*Exercise description:* Locate the word "العام" in the data below, then copy every line that holds it.

Stored items
[Start of Attachment]

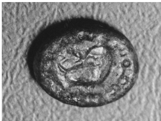
Fig. 2. Glaspaste, ørn med palmegren i næbbet. Kat. nr. A 8. ASR 9x508.

A8. Glaspaste, fig. 2 (inv. nr. ASR 9x508 felt MSP, fase C, ca.725 - 750/60, fundet ved Posthusudgravningen 1990-91). Halvgennemsigtig, i modlys ravfarvet glasmasse, 13,5 x 1,1 x 0,4 mm. Formen er oval med flad overside, afrundede sider
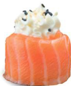
143 PHILADELPHIA Salmón*, arroz, philadelphia, sésamo
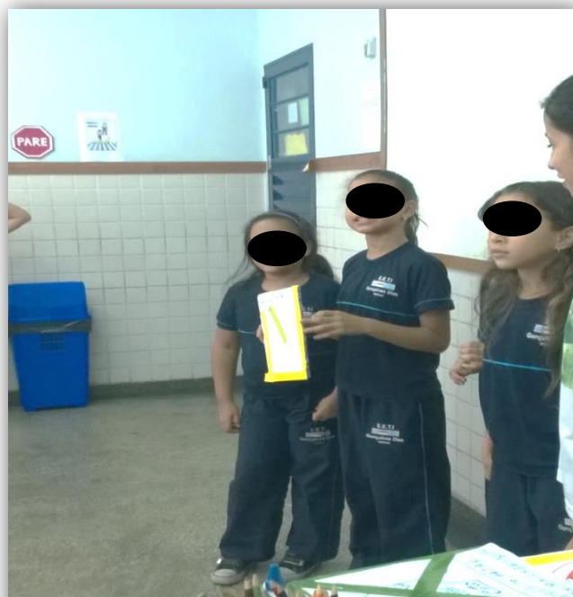
Figura 7 - Apresentação de placas

A partir desta elaboração observaram-se a criticidade, pois os educandos na maioria das placas elaboradas abordaram questões como imprudências no trânsito e acidentes que podem ser evitados com conscientização (Figuras 7).
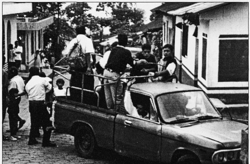
El transport va ser clau a l'hora dels resultats.

- S'entrega una papereta gegant on es troben tots els partits que es presenten, l'elector ha de marcar amb una creu la seva decisió, posar-la dins d'un
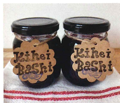
●あさやけ喜平橋食堂 小平産ブルーベリージャム。
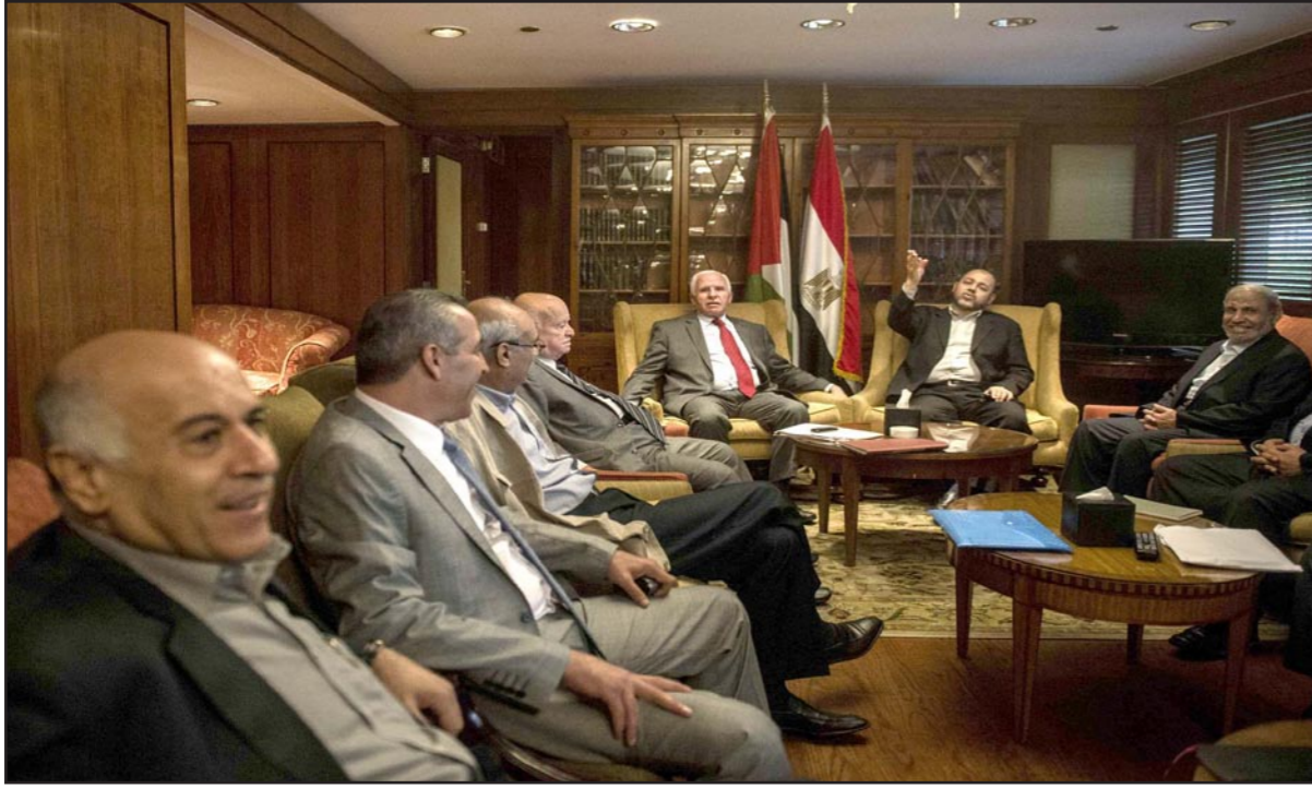
قطر والسعودية قدمتا أكبر المساعدات لحكومة التوافق الفلسطينية منذ بداية العام - (أ ف ب)

رام الله - محمد خبيصة: كشفت البيانات الشهرية الصادرة عن وزارة المالية في حكومة التوافق الفلسطينية، أن إجمالي المساعدات والمنح المالية التي تلقتها الحكومة منذ مطلع العام الحالي وحتى نهاية آب/ أغسطس الماضي بلغت 752.2 مليون دولار أمريكي، حيث تصدرت قطر الدول الداعمة بمساعدات بلغت 145 مليون دولار.
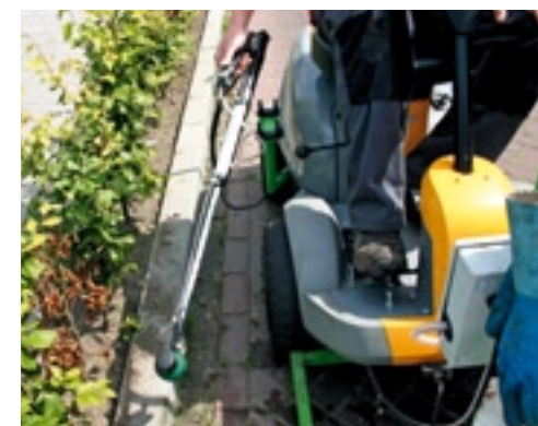
Met de laagvolumespuitlans kun je lastige hoekjes en kantjes bereiken.
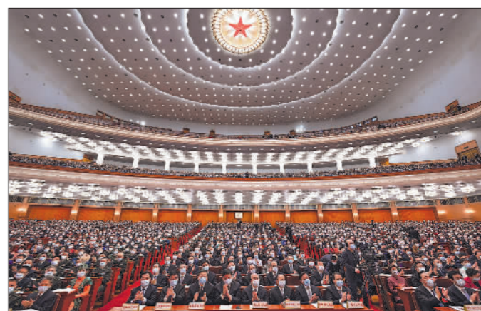
▲3月8日,十三届全国人大五次会议第二次全体会议召开。

▲3月5日上午,北京CBD,一位快递小哥从直播十三届全国人大五次会议开幕会的大屏幕前经过。今年的政府工作报告中提到:完善灵活就业社会保障政策,开展新就业形态职业伤害保障试点。坚决防止和纠正性别、年龄等就业歧视……众多举措体现民生期盼。
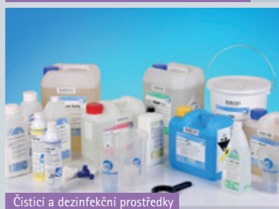
Čističí a dezinfekční prostředky
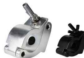
Tube: \Phi 48mm- \Phi 51mm SWL: 500kg 0.6kg
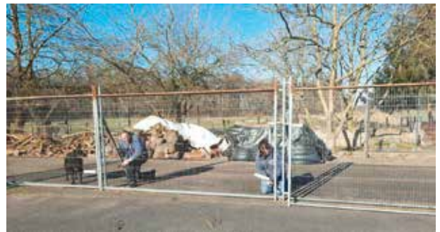
Die Bauarbeiten sind noch nicht abgeschlossen

aufrecht stehend aneinander geschraubt, mit Ein- und Ausgängen versehen und mit Erde gefüllt. So können die Langohren nach Herzenslust buddeln und wühlen ohne „verloren“ zu gehen. Auf mehreren kleinen Stellen wird es Wiesenflächen geben, damit sie dort ihren natürlichen Bedürfnissen nachgehen können. Abgerundet wird das Ganze von Häuschen, Hütten, Tunneln und Ebenen, sodass wirklich jeder neue kleine Bewohner auf seine Kosten kommt.
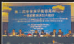
中美整形名家出席第二届医学美容峰会(中国·青岛)
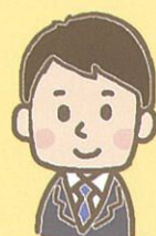
ケースワーカー、 保育士、教員など

家庭の困りごと、こど もの悩み(本人、家族 も含む)についてご相 談ください。 必要時には他機関と も連携します。
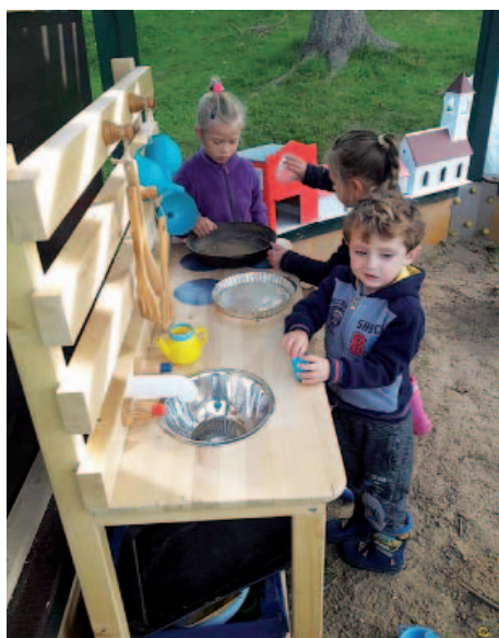
Nová kuchyňka ve školní zahradě.
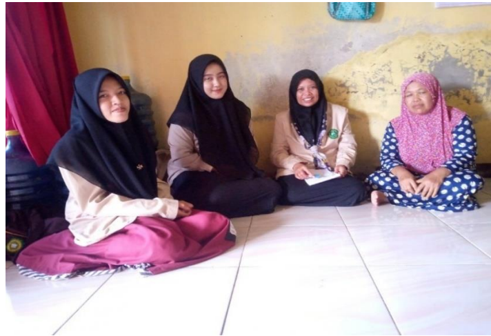
Gambar 2.1 silaturahmi ke rumah yang mengajar TPQ Lansia

Berikut table tempat tinggal dan usia dari para santri TPQ lansia dusun ngrowo.
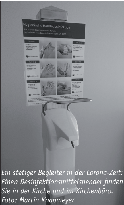
Ein stetiger Begleiter in der Corona-Zeit: Einen Desinfektionsmittelspender finden Sie in der Kirche und im Kirchenbüro.
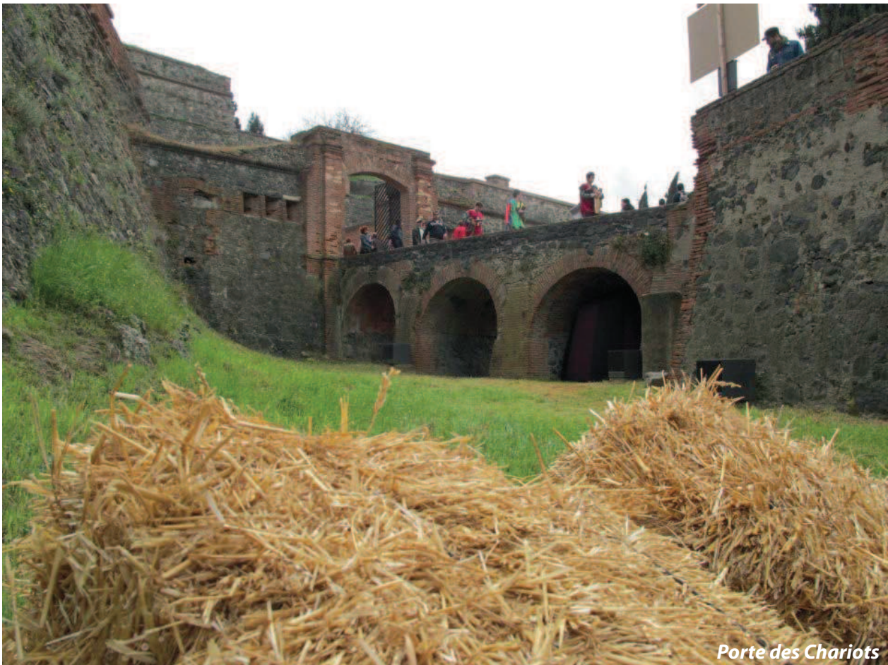
Porte des Chariots

Autres activités sur demande : visites théâtralisées et location d'espaces.
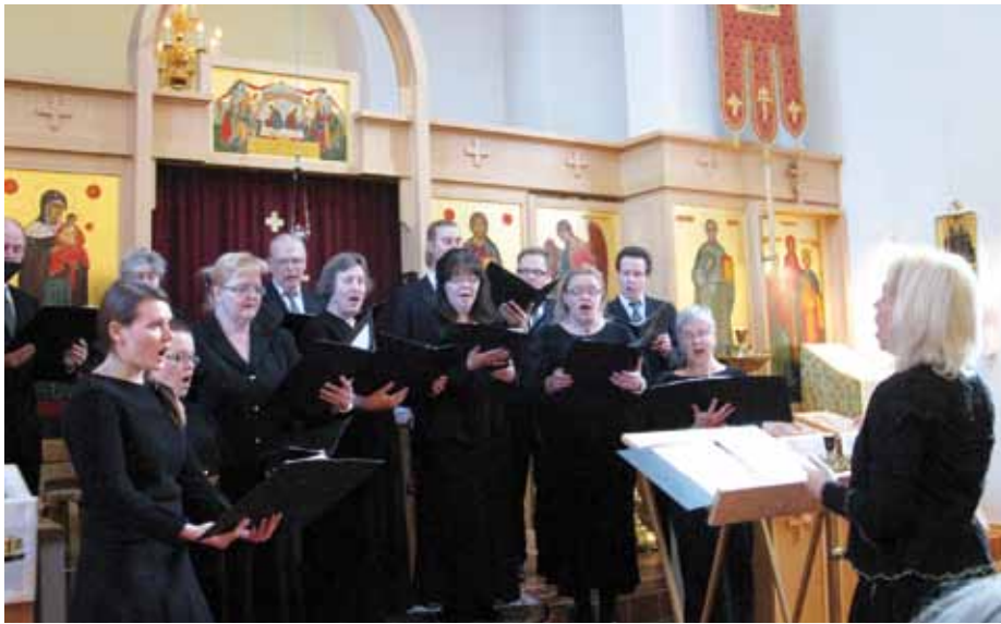
● Tampereen kuorossa on mukana viitisentoista aktiivia.
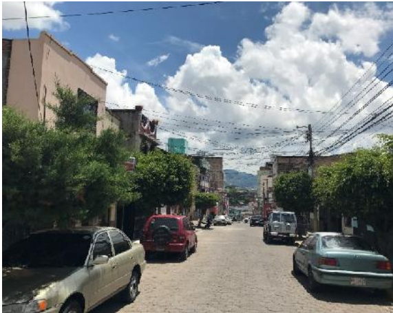
inicio de calle a pavimentar con concreto hidráulico
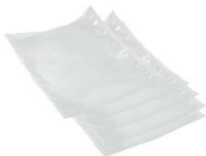
Пакеты для вакуумирования (5 шт.)
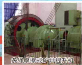
多绳摩擦式矿井提升机
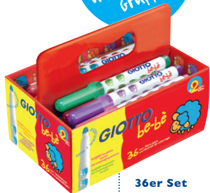
36er Set Fasermaler Schoolbox Code: 4612 00

Ideal im Kindergarten und für kleine Gruppen
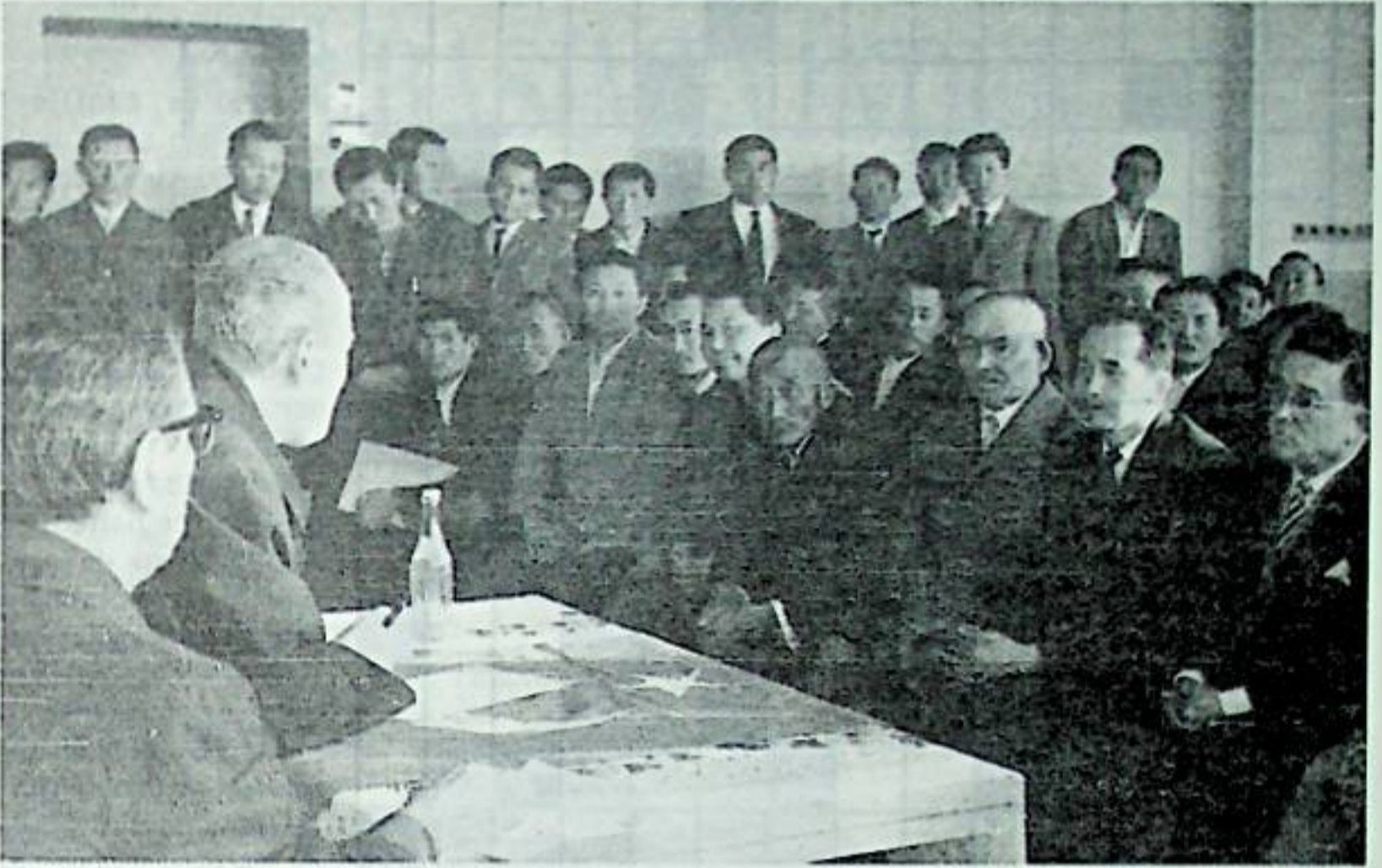
Ağa Han, Derneğimiz üyeleri ile sohbet ederken...
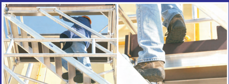
Gran trampilla en última plataforma y acceso

[End of Attachment]

*Task output:*
قطر والسعودية قدمتا أكبر المساعدات لحكومة التوافق الفلسطينية منذ بداية العام - (أ ف ب)
رام الله - محمد خبيصة: كشفت البيانات الشهرية الصادرة عن وزارة المالية في حكومة التوافق الفلسطينية، أن إجمالي المساعدات والمنح المالية التي تلقتها الحكومة منذ مطلع العام الحالي وحتى نهاية آب/ أغسطس الماضي بلغت 752.2 مليون دولار أمريكي، حيث تصدرت قطر الدول الداعمة بمساعدات بلغت 145 مليون دولار.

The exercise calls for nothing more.